Case Presentation: A 76-year-old female with a past medical history of hypertension, hyperlipidemia, and hypothyroidism presented to the hospital with fatigue and headaches that had been ongoing for a few days. The patient had chronic watery diarrhea but denied having any dark stool, hemoptysis, or recent antibiotic use. On physical exam, vitals were stable, she had skin pallor and no blood on rectal exam. Lab-work revealed WBC: 29.9 10*3/uL, Hgb: 7.3 g/dL, Hct: 21.3%, MCV: 117.7 fL, Plt: 42 10*3/uL, LDH: 525 U/L, haptoglobin: 2 mg/dL, reticulocyte count: 24.20%, direct bilirubin: 0.6 mg/dL, and total bilirubin: 2.2 mg/dL. ANA and Anti-SSA were positive, however the rest of the autoimmune workup was negative. Mycoplasma pneumonia IgM antibody, EBV IgM antibody, babesia PCR, and myositis panel returned negative. CT angiogram of the abdomen and pelvis with and without intravenous contrast revealed no evidence of acute GI bleed. CT chest without intravenous contrast revealed multiple bilateral pulmonary nodules and masses that may represent metastasis along with mediastinal right hilar adenopathy. Peripheral blood smear revealed no schistocytes. The patient was found to be Coombs positive for both warm and cold antibodies/agglutinin, which led to the diagnosis of mixed autoimmune hemolytic anemia (AIHA). The patient required transfusions with fresh frozen plasma, warm packed red blood cells, and platelets during the course. Bone marrow biopsy was negative for lymphoproliferative disorder and a right lung biopsy was negative for malignancy. For the patient’s AIHA, the patient was started on intravenous methylprednisolone, which was later transitioned to an oral prednisone taper. Following bone marrow biopsy, the patient was started on rituximab weekly for four weeks. Outpatient PET scan revealed patchy atelectatic and ground-glass opacities in both lungs which correlate to inflammatory etiology and multiple small lung nodules with minimal or no FDG activity. MRI of the brain with contrast revealed no malignancy.
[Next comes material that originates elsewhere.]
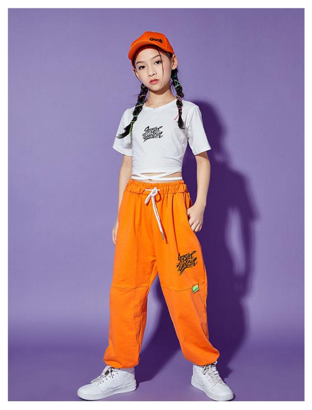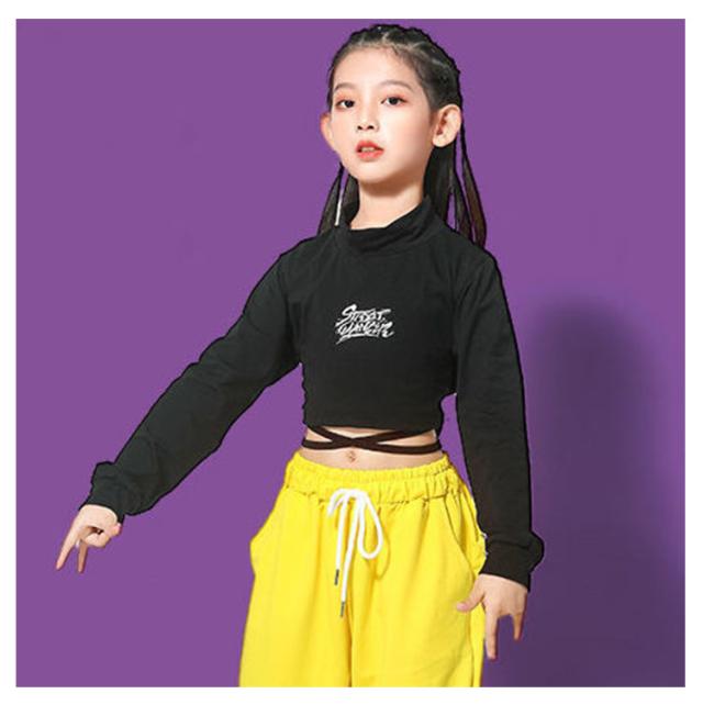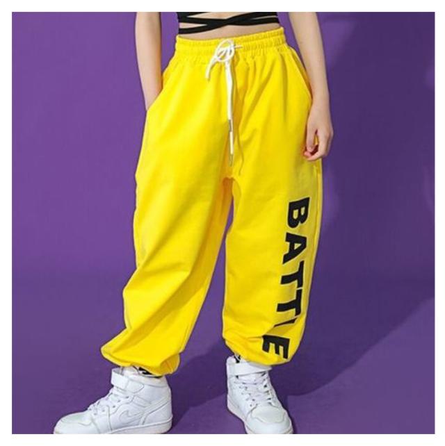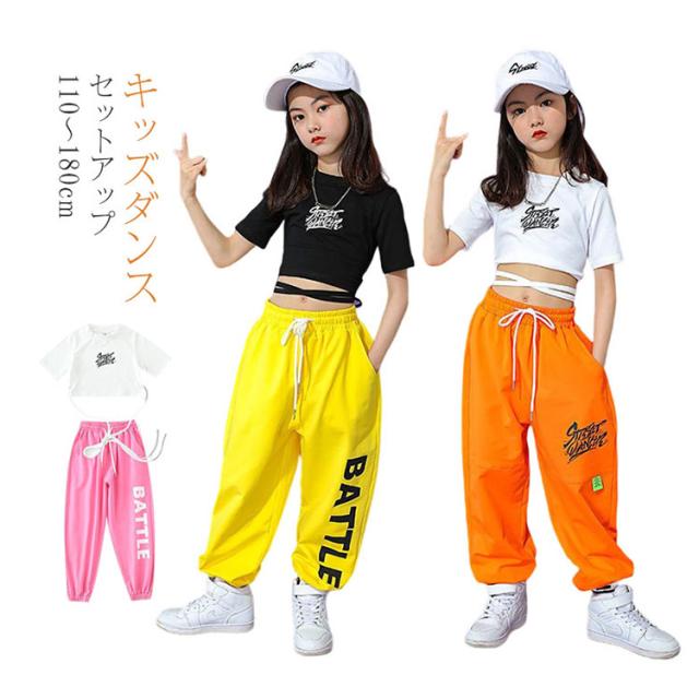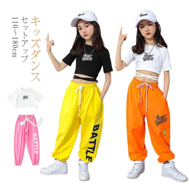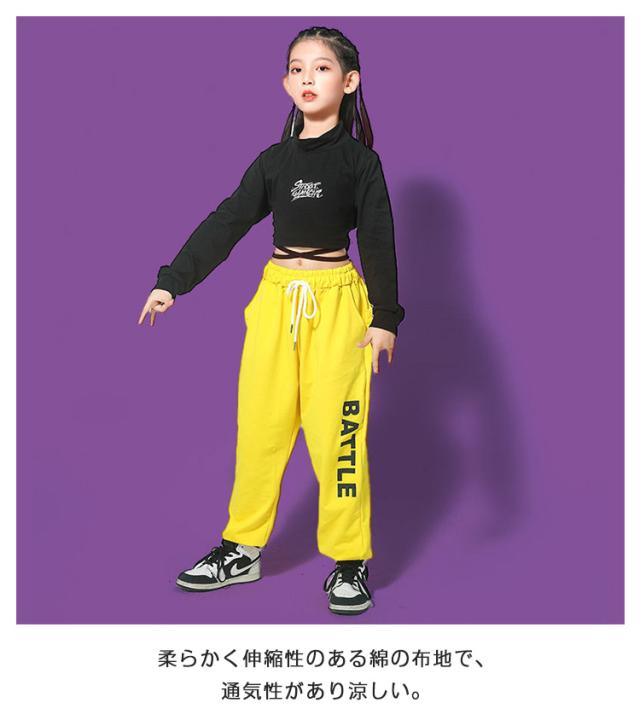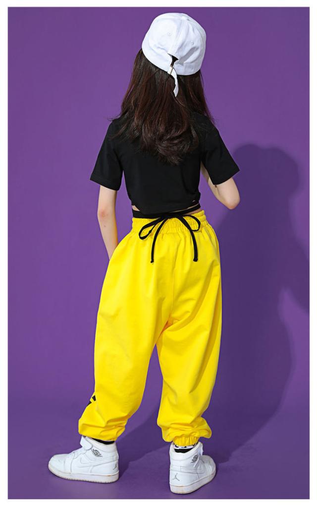 キッズダンス ダンス衣装 セットアップ 女の子 Tシャツ コットン 5分袖 パンツ イエロー 黒 ガールズ ジャッズ 韓国風 ヒップホップ ストリート 演出服 キッズ ダンスウェア ジュニア jazz 送料無料

Discussion: AIHA is an acquired hemolytic disease caused by the host’s immune system acting against its own red cell antigens. Various subtypes of AIHA exist, including warm AIHA, cold AIHA, and mixed AIHA. The incidence of AIHA is 1-3 per 100,000 per year, however mixed AIHA only account for 10% of those cases. Mixed AIHA can be caused by lymphoma, lupus, infection, or be idiopathic. Our patient did not have a malignancy or infection. ANA was positive, however dsDNA antibodies for lupus were negative. Lab values that may suggest a diagnosis of AIHA include anemia that may be normocytic or macrocytic, elevated LDH, reduced haptoglobin, increased reticulocyte count, and elevated unconjugated bilirubin. Peripheral blood smear may reveal polychromasia or spherocytes. A direct-antiglobulin test or Coombs test detects antibodies and/or complement on the red blood cells to confirm the diagnosis. Due to its rarity, optimal management has not been defined. The use of steroids for management has provided mixed results based on case reports written in literature. Rituximab, a monoclonal CD20 antibody, has been found to be an effective therapy for mixed AIHA.

Conclusions: Mixed AIHA is a rare hemolytic anemia that physicians should keep in their differentials to allow for prompt diagnosis and treatment. Further treatment investigations should be conducted to find the optimal treatment for the disease.